Published by The Adventure Company
Developed by Kheops
Release Date: 25th November 2005 (UK)
Price: £19.99

Journey to the Moon, an introduction.

Journey to the Moon is the second adventure released by Kheops to be inspired by the writing of Jules Verne. Verne's novels are full of adventure in bizarre and futuristic settings and Kheops have taken these core qualities from Verne and gone one step further in this latest game. Whereas Verne's character, Michel Ardan, only orbited the moon, Kheops decided not only to land on the moon but to uncover a sentient race of lunar inhabitants, the Selenites.

What's the game about?

It's a traditional point 'n' click adventure that follows a group of scientists who have created a bullet like space capsule with the intent of landing on the moon's surface. You play as Jules Verne's hero Michel Ardan, an eccentric and intrepid French scientist who blacks out during take off and awakes to an extraordinary state of affairs. The rest of the game is based on you not only discovering a variety of lunar creatures, but also communicating with them and enlisting their help in order to return to Earth.

What's good about the game?

You cannot complain about the variety of puzzles on offer in Journey to the Moon. Some are simply inventory combining puzzles, some are mathematical and others are logical puzzles. A unique puzzle that is supposed to represent the Moon's gravity is a hand to eye co-ordination puzzle for leaping from one point to another. Although some puzzles can result in the death of Ardan, he is always resurrected to a point immediately before the timed sequence or jump began, so there’s no real penalty in failure. The game keeps an automatic log of events, conversations, ideogram translations and items that have been previously combined, which is essential to complete some of the puzzles and to get as high an intelligence score as possible.

What's not so good about the game?

You need to backtrack a lot to complete the puzzles as the clues can be quite scattered. Many of the puzzles are difficult to solve and only seem to test your level of frustration. The flow of the game was impeded by having to keep dipping in and out of the game log to check ideograms or previous conversations for clues in order to solve the puzzles. I found that it helped to keep a pen and paper handy to work out some of the answers.

How does it look?

Kheops have again created a colourful and imaginative backdrop, perfect for a lunar adventure. If you've played other Kheops titles you'll know exactly what to expect with the game's graphics. Once again we have the pre-rendered background with the 3D animated characters and once again it's a method that works well. You don't actually walk around and you'll point and click to move forwards. You can look around with the mouse though so you'll always be fully aware of what's going on around you. The game uses the same tabbed inventory as Return to Mysterious Island and once again it's a bit cumbersome having to click through the various tabs to examine all the items in your inventory. Overall though, it's a pleasant looking game that's easy on the eyes.

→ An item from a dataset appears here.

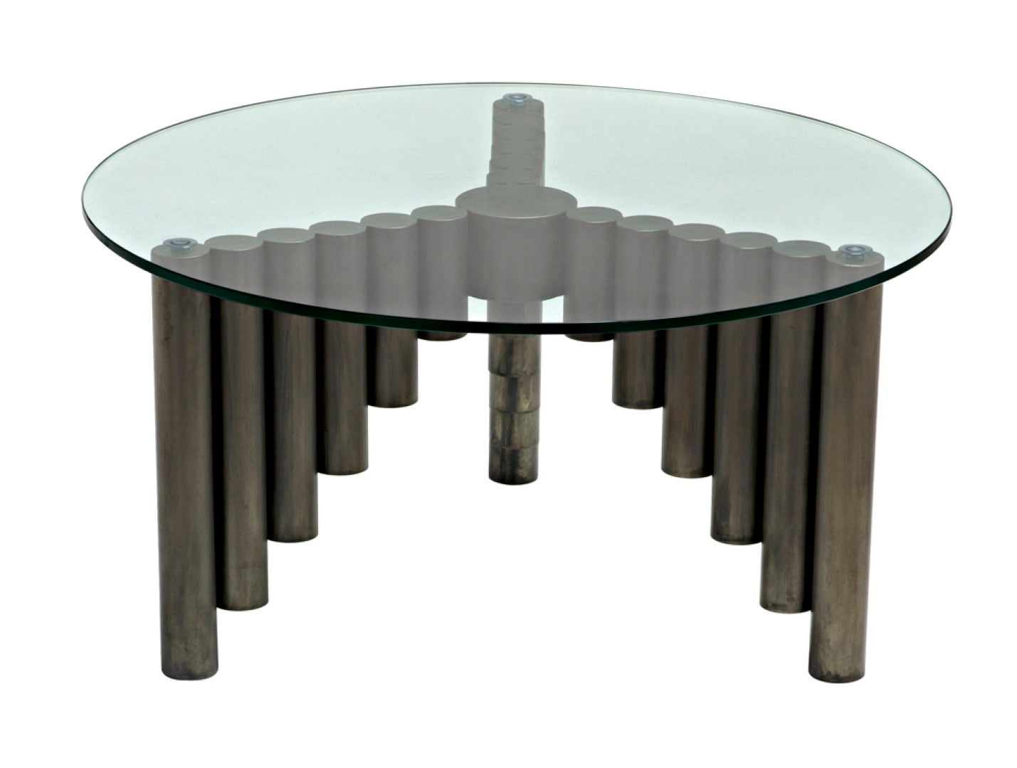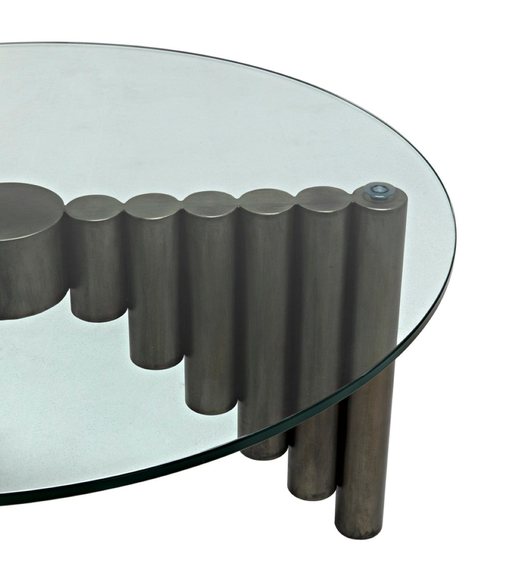 Elevate your living space with the Organum Coffee Table — a sculptural centerpiece that blends industrial strength with refined elegance. Its graduated steel cylinders in a modern gun metal finish support a sleek glass top, creating an eye-catching silhouette that complements contemporary and transitional interiors. Durable materials and thoughtful proportions make this table both stylish and functional for everyday use.

How deaf gamer friendly is the game?

Subtitles are enabled by default with white text on a dark overlay for very easy reading. All the cutscenes are subtitled with white text appearing in the black border at the bottom of the screen. At one point in the game Ardan develops hiccups and the screen bounces to simulate the hiccups but there are no captions for this sound. In one of the puzzles Michel has to learn the Selenite language. Although you have to match up an ideogram to a sound, this can be accomplished through trial and error. So this puzzle won't stop a deaf gamer from completing the game. However what may stop a deaf gamer from finishing the game is the lunar IQ score. When you solve puzzles you earn lunar IQ points and there are sections in the game where you must achieve a certain level, for example you must earn at least 200 IQ points to gain a Selenite key that gives you access to other areas of the Selenite's underground home. This affects deaf gamers when sound related puzzles, solved by trial and error, only give deaf gamers a few lunar IQ points. This means that deaf gamers will have to perform above average on puzzles that aren't sound related to compensate for this disadvantage. When you need to activate the pipe organ to summon the Selenite exiles, for instance, you have to play a tune and as the Selenite exiles reply, you then have to reproduce their sound as well. This is one section of the game where many gamers, not only deaf gamers, will turn to the Internet for a walkthrough.

Final thoughts .

Adventure games are my favourite games, but due to the mathematical and logical nature of many of the puzzles that reminded me of the puzzles on the Krypton Factor TV game show, I found the game a chore to play and although I enjoyed the story, It felt too much like hard work to solve the puzzles which isn't what adventure games should be about in my opinion.


Overall Game Rating: 6.0/10

Deaf Gamers Classification:

(Click the letter or here for details)

Although there is good subtitling provision for deaf gamers, the sound related puzzles will make the game very difficult to complete. It might be wise to give this one a miss.